-- Material supplied follows --

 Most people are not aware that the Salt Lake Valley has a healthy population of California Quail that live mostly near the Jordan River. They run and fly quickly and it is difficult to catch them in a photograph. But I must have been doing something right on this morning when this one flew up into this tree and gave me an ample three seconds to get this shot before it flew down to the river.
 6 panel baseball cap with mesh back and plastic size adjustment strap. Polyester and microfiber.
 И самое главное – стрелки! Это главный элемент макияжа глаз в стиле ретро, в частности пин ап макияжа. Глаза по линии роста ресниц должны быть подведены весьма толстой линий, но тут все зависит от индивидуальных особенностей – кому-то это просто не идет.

-- Material supplied concluded --
-- Material supplied follows --

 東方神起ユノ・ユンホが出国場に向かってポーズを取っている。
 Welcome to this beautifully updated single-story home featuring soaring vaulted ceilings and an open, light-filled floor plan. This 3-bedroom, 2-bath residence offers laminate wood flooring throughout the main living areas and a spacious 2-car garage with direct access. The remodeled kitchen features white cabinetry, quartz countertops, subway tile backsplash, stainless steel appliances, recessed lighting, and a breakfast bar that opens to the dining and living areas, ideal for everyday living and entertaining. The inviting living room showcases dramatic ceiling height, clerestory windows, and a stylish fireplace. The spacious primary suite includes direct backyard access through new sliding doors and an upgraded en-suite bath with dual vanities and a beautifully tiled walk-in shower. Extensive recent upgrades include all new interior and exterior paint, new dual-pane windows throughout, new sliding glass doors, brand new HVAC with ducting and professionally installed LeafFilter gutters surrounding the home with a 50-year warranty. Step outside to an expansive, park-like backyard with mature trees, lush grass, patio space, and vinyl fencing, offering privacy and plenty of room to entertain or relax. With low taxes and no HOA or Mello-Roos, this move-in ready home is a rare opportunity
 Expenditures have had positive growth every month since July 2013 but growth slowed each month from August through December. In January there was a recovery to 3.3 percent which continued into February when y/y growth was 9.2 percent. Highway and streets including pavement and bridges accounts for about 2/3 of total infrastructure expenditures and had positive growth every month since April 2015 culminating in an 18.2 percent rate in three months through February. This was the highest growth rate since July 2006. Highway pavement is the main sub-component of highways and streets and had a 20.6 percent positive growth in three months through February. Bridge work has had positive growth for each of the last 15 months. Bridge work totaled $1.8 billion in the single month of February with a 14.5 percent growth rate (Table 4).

-- Material supplied concluded --

What you should do
Beginning with the line holding "Most people are" and ending with the line holding "И самое главное", write out the stretch of material above exactly; add no further lines.

Output below
 Most people are not aware that the Salt Lake Valley has a healthy population of California Quail that live mostly near the Jordan River. They run and fly quickly and it is difficult to catch them in a photograph. But I must have been doing something right on this morning when this one flew up into this tree and gave me an ample three seconds to get this shot before it flew down to the river.
 6 panel baseball cap with mesh back and plastic size adjustment strap. Polyester and microfiber.
 И самое главное – стрелки! Это главный элемент макияжа глаз в стиле ретро, в частности пин ап макияжа. Глаза по линии роста ресниц должны быть подведены весьма толстой линий, но тут все зависит от индивидуальных особенностей – кому-то это просто не идет.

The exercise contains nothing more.